For years and years this was one of my dream homes. Quite the modest mansion. It's the house from The Life of Riley. This somewhat ancient television show would run on a Christian channel that would come in really snowy sometimes, before cable. The house looked a lot like the homes in one of the post-war neighborhoods in my hometown.

I loved how these houses were usually painted white with black trim. The simplicity of this color scheme allowed the landscape to stand out more. They sat on perfectly green lawns with a tree situated in just the right spot. Rose bushes really stood out, flowers would pop and bushes were shaped into perfect rectangles under windows. The garages or carports were located behind the home and American flags would wave as you drove by.

These post war homes usually housed WWII veterans who had made it through the Great Depression and a war and now had a place of their own. These were modest homes, some better built than others. Not many of them stood the test of time.  Many became rentals and fell into disrepair or were razed years ago.  I am always happy to see one retro-renovated. As much as I try to like the new aesthetic, I have yet to see a contemporary home design that I can say I truly love. While there are many designs that adopt a vintage look, when they stand next to older homes they are still huge. I think I am one of those rare people who likes a small home, it's instant cozy. I love the idea of owning only what you need and use daily, keeping and storing only the most cherished of relics and personal artifacts.
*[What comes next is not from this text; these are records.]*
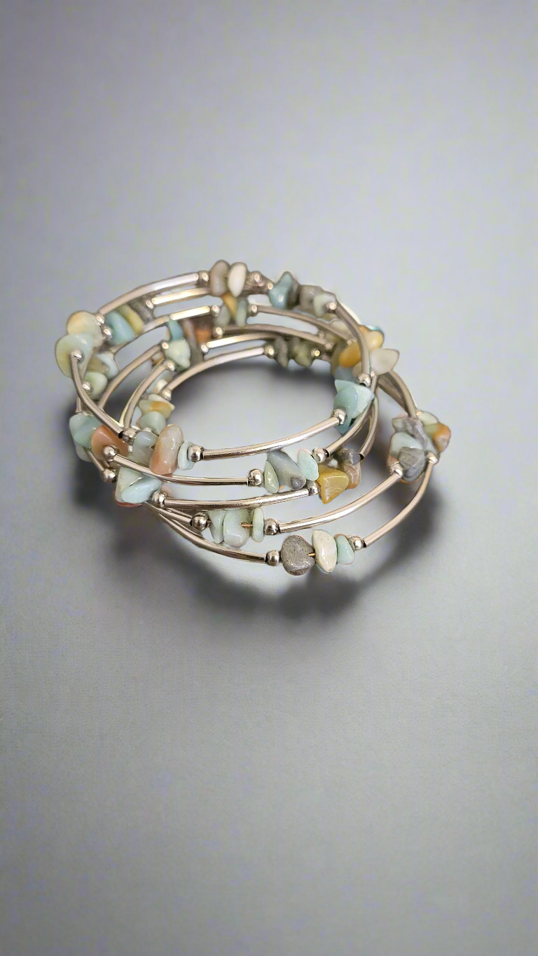Beachy Agate Necklace with Orange Sea Shell Pendant and Agate Memory Wire Bracelet
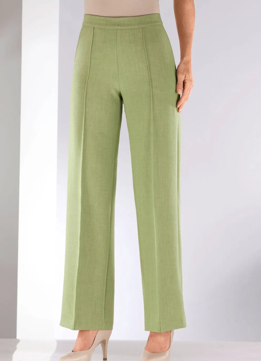 Trendgenaue Hose in modischer Weite von Stilschmiede: komfortable Schlupfform, rückwärtiger Dehnbundeinsatz, vordere, glatte Bundverarbeitung, Seitentaschen, abgesteppte Biesen im Vorderteil. Innenbeinlänge ca. 78 cm. Fußweite ab 52 cm.
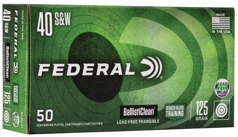 Federal BallistiClean 40 S&W 125gr Lead-Free Frangible Handgun Ammo, 50rd Box - BC40CT1
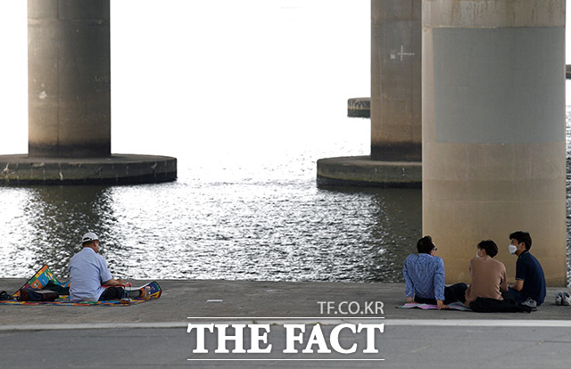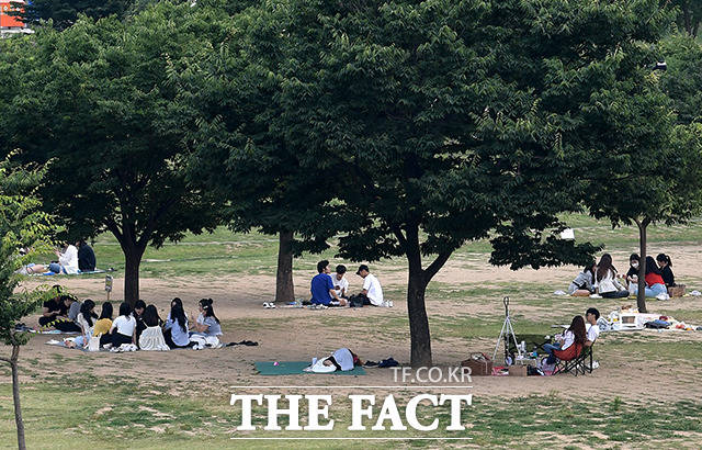 [더팩트|이선화 기자] 서울 낮 최고기온이 27도까지 오른 18일 오후 서울 영등포구 여의도 한강공원에서 시민들이 휴식을 취하고 있다.
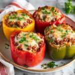 To reheat, place leftover stuffed peppers in a 350°F (175°C) oven for 15 to 20 minutes until warmed through and the cheese is bubbly again. You can also microwave them covered on medium heat, though the oven method keeps the peppers from getting soggy.
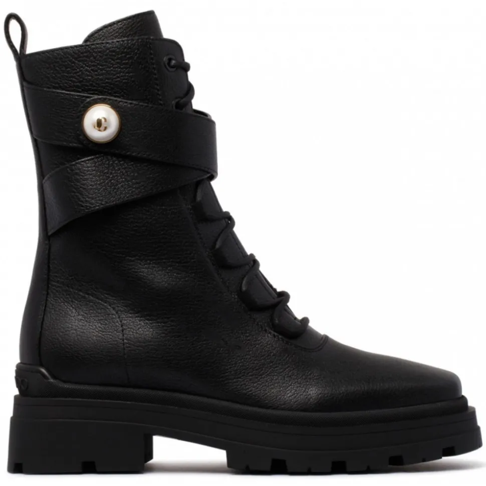 Jimmy Choo Black Noemi Boots. Black calf leather boots, grained texture, strap detailing. Pearl detail with gold tone logo lettering, branded heel counter, square toe. Front lace up fastening, side zip fastening, branded zip puller. Mid calf length, pull tab at the heel, leather lining, chunky rubber lug sole.
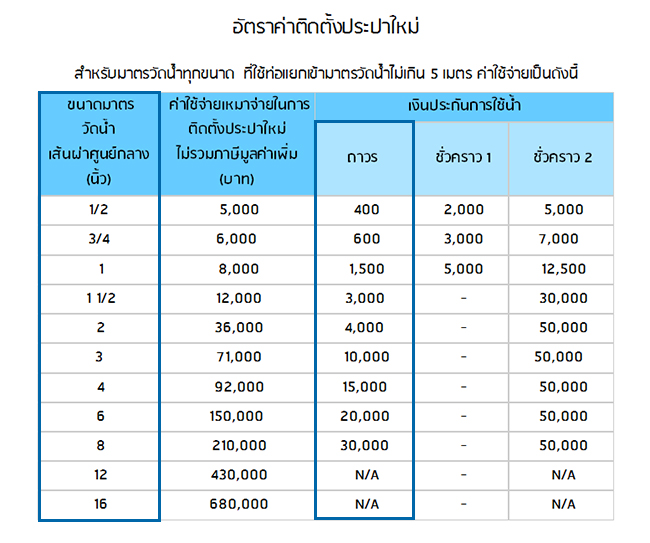 การขอใช้น้ำประปาใหม่ ทางโครงการจะให้จ่ายค่าประกันมิเตอร์น้ำในวันที่โอนกรรมสิทธ์ ค่าใช้จ่ายก็จะแตกต่างกันไปตามขนาดของมาตรวัดน้ำในแต่ละหลัง แต่โดยปกติก็จะมีขนาดตั้งแต่ 1/2 นิ้ว เงินประกัน 400 บาท, ขนาด 3/4 นิ้ว เงินประกัน 600 บาท และขนาด 1 นิ้ว เงินประกัน 1,500 บาท ซึ่งราคานี้ต้องขึ้นอยู่กับเงื่อนไขของแต่ละโครงการด้วยค่ะ
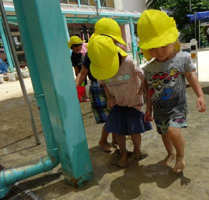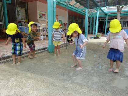 3歳児ひよこ組は、水浸しになった園庭の水たまりにおそるそる足を入れていました。、
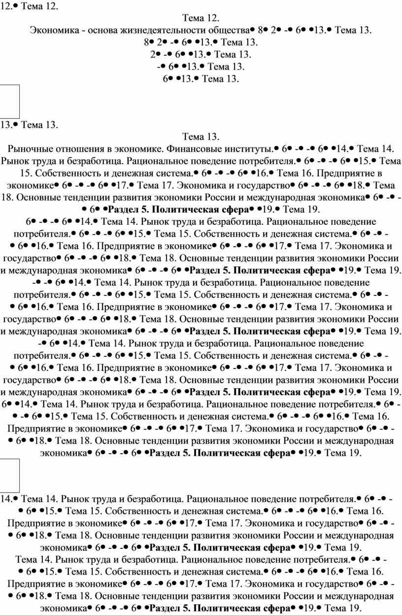Тема 12. Экономика - основа жизнедеятельности общества |
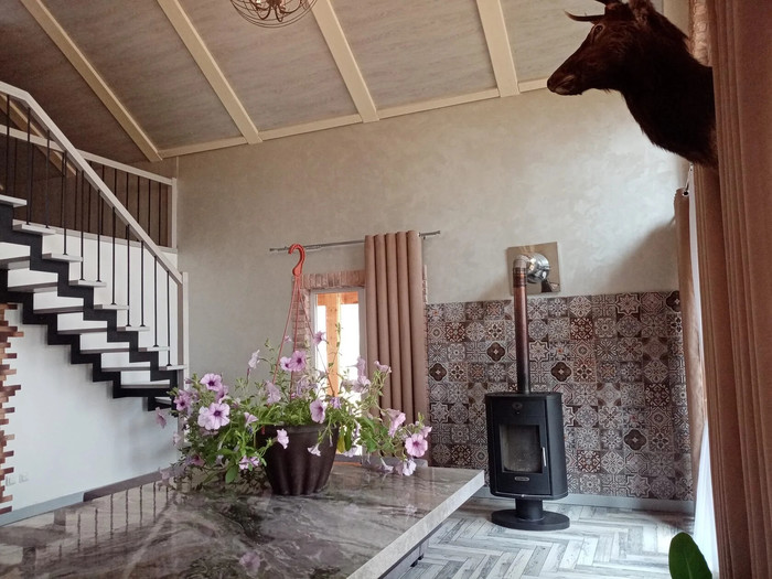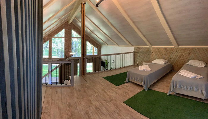 3-этажный коттедж на 5 номеров(зимой – печное отопление) общий холл 1 этажа:телевизор, холодильник, чайник, микроволновая печь, набор посуды, стол, стулья, диван общий холл 2 этажа:зона отдыха с креслами и диванами, стол, стеллаж с книгами, гладильная доска |
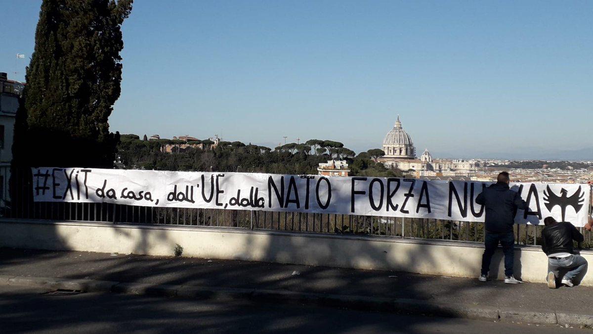 Blitz di Forza Nuova oggi (23 marzo) in centro a Roma, dove la bandiera europea è stata bruciata e uno striscione appeso con la scritta “#Exit da casa, dalla UE, dalla Nato“.
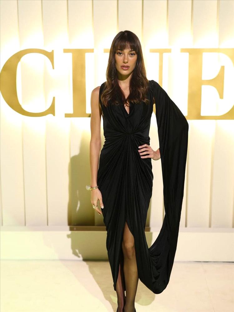 جذبت ديلان دينيز الأنظار بفستان أسود ضيّق بقصّة مزمزمة تزيد من جاذبية القوام. جاء الفستان بياقة V جريئة، مع فُتحة أمامية تضيف توازناً بين الأنوثة والرقي، بينما منحها شال جانبي متصل بالفستان مظهراً درامياً وأنيقاً.
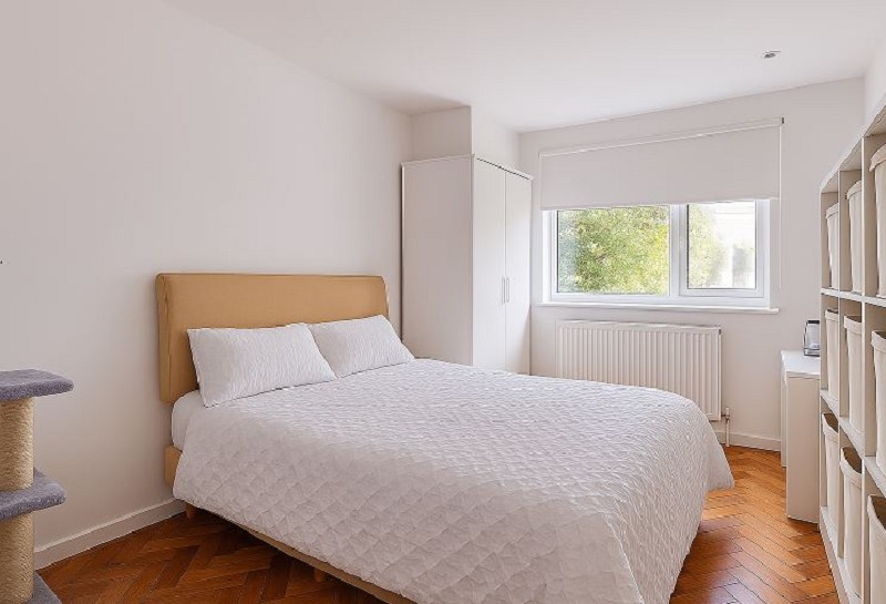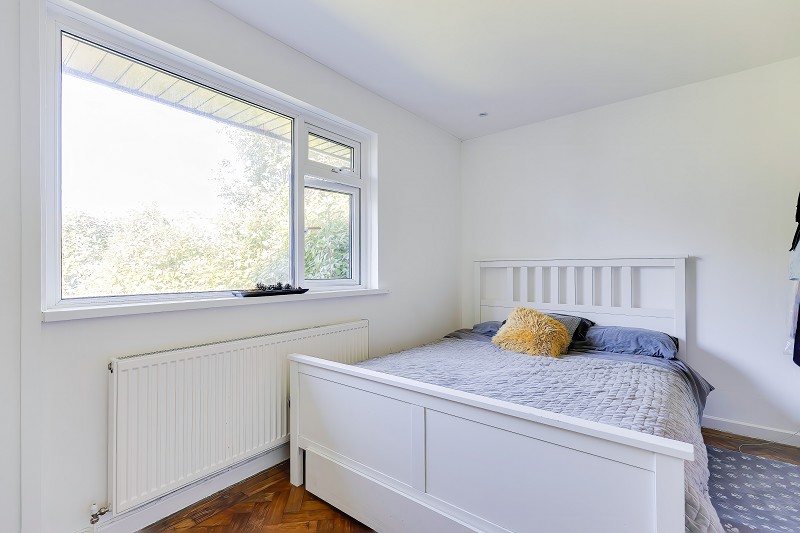 Overlooking the quiet cul-de-sac, a bright and well-sized double room with large picture window.

While I love a small home I love a large lot. I crave space for fruit trees and gardens, comfy places under shade trees, spaces for meandering  beds of flowers.  Nothing makes me feel better than to look outside and see a large  yard.  Last I heard the trend was for smaller homes less than 2500 sqft. but  yards are  getting smaller and smaller. 


 I was a huge Lightening Seeds fan back in 1989. Thank you Ian for allowing fans to post!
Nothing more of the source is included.